Benson is named in an ongoing 2021 lawsuit from the Public Interest Legal Foundation that aims to remove over 26,000 deceased residents from the state’s active voter list, and another from the Republican National Committee filed in March targeting impossibly high voter registration numbers in 53 of Michigan’s 83 counties.

While there’s no dispute that Michigan’s 8.1 million registered voters represents 105% of the state’s voting age population, Benson’s Bureau of Elections argues federal election laws prevent officials from removing inactive registrations for two election cycles without personal contact from the voter.

A PILF investigation highlighted why that’s unlikely to happen for many, documenting numerous registered voters who died decades ago.

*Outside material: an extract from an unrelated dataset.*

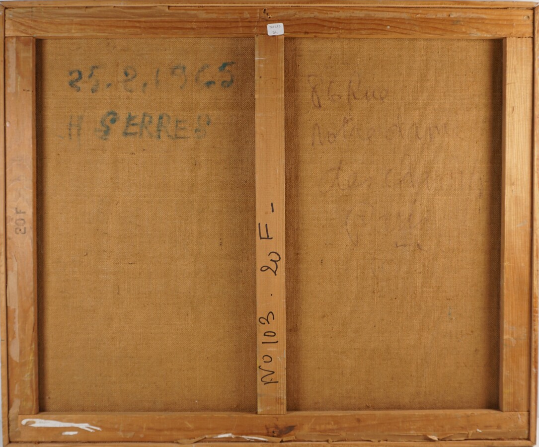H. SERRES (XXe), "Effets de vagues, mer émeraude" 25.2.1965, huile sur toile signée en bas à droite, datée et contresignée au dos, 60 x 73 cm (quelques éclats de peintures, un petit trou en bas à gauche).

Both the PILF and RNC lawsuits contend Benson’s inaction in clearing Michigan’s voter registrations of ineligible voters violates the National Voter Registration Act, and both want a judge to order Benson to comply ahead of the November election.

“More than 50 Michigan counties have a 100% or higher rate of voter registration,” then RNC Chairwoman Ronna McDaniel told the Detroit Free Press when the RNC first raised the issue with Benson in December. “This is mathematically impossible and means that ineligible voters are on the rolls ahead of the upcoming 2024 election.”

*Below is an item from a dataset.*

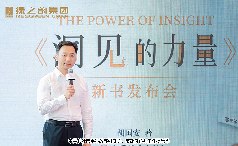 隨后,《洞見的力量》新書發(fā)布儀式啟動。長沙市人大常委會副主任李偉群,中共長沙市委統(tǒng)戰(zhàn)部副部長、市政府僑辦主任楊光華,長沙市雨花區(qū)人大常委會黨組書記、主任馮聰龍,長沙市雨花區(qū)委常委、宣傳部部長劉江紅,著名戰(zhàn)略研究專家、北大、清華新營銷總裁高級研修班特邀授課導師胡遠江,綠之韻集團董事長胡國安站在啟動臺前,共同見證新書的隆重首發(fā)。楊光華部長在講話中表達了對胡國安董事長的祝賀。他表示,《洞見的力量》在世界讀書日發(fā)布,意義深遠。會前我快速通讀此書,非常感動,胡國安先生不僅把企業(yè)做大做好,把學習和生活也經營的很好。他不僅是一位優(yōu)秀的企業(yè)家,更是一位豐富的思想者,還是一個非常勤奮的筆耕者?!抖匆姷牧α俊废蛭覀冎v述了民營企業(yè)走向成功的十二大發(fā)展引擎:初心、文化、黨建、責任、學習、產品、科研、人才、誠信、感恩、公益和夢想。詳細全面的向我們展示了胡國安先生從創(chuàng)業(yè)到勇擔社會責任一路走來的心路歷程,他對企業(yè)的管理、對人生的感悟、對團隊的塑造、對文化的理解,匯聚成一種格局和力量,這種格局是胸懷國家民主的,是胸懷社會蒼生的,釋放出精神的力量、信仰的力量和文化的力量。今天的發(fā)布會,不僅讓我們看到綠之韻的文化和傳承,也感受到創(chuàng)新和智慧,相信這本書能夠給大家?guī)硭伎己透形?,收獲創(chuàng)業(yè)的智慧和成長的力量,開創(chuàng)出更加美好的明天。

The RNC lawsuit notes that in three Michigan counties – Kalkaska, Keweenaw and Mackinac – the number of registered voters is 114% of the voting age population, while in the state’s most populous counties of Macomb, Oakland and Wayne it’s 101%.

In addition to the 53 counties with voter registrations over 100% of the voting age population, another 23 have rates that exceed 90%, a figure that far eclipses the voter registration rate nationwide in recent elections, according to the RNC lawsuit.

An analysis by Bridge Michigan in March found 625,913 Michigan voter registrations are slated to be canceled in the coming years – 531,877 in 2025 and another 94,036 in 2027 – but rather than proactively work to eliminate concerns about election integrity by betting those registrations, Benson’s election director Jonathan Brater has vowed to ensure they won’t be removed until they time out under federal law.

“We’re certainly going to be monitoring any activity in the voter file that looks unusual to make sure that there aren’t undue challenges that are being processed without the voter getting their legally entitled protections,” he told Bridge.

At least 91,928 inactive voters, meanwhile, remain on a permanent mail ballot list and “must be issued an absent voter ballot” under state law because they have not been removed, according to the RNC.

“Tens of thousands of absentee ballots will this be sent to voters at addresses where they no longer reside or to voters who are otherwise ineligible to receive them, creating the potential for thousands of absentee ballots to be cast fraudulently,” the RNC wrote in a May letter to Benson.

While Benson told the Free Press the lawsuits that aim to purge the state’s voter rolls are “filled with baseless accusations that seek to diminish people’s faith in the security of our elections,” others are outlining how some are leveraging the situation in Detroit.

Ramon Jackson found numerous former Detroit residents including himself who were registered to vote years after moving away from the Motor City, including folks he knows have never voted in their lives.

Jackson’s investigation, which started with efforts to recall a city council member, revealed former Detroit residents who were registered as permanent absentee voters without their consent or permission at addresses that included vacant homes or where they no longer lived.

“There are dozens of others who meet this pattern; fraudulently listed as registered voters and fake votes cast on behalf of these voters,” Jackson wrote in a lawsuit filed in U.S. District Court that was ultimately dismissed for lack of legal standing.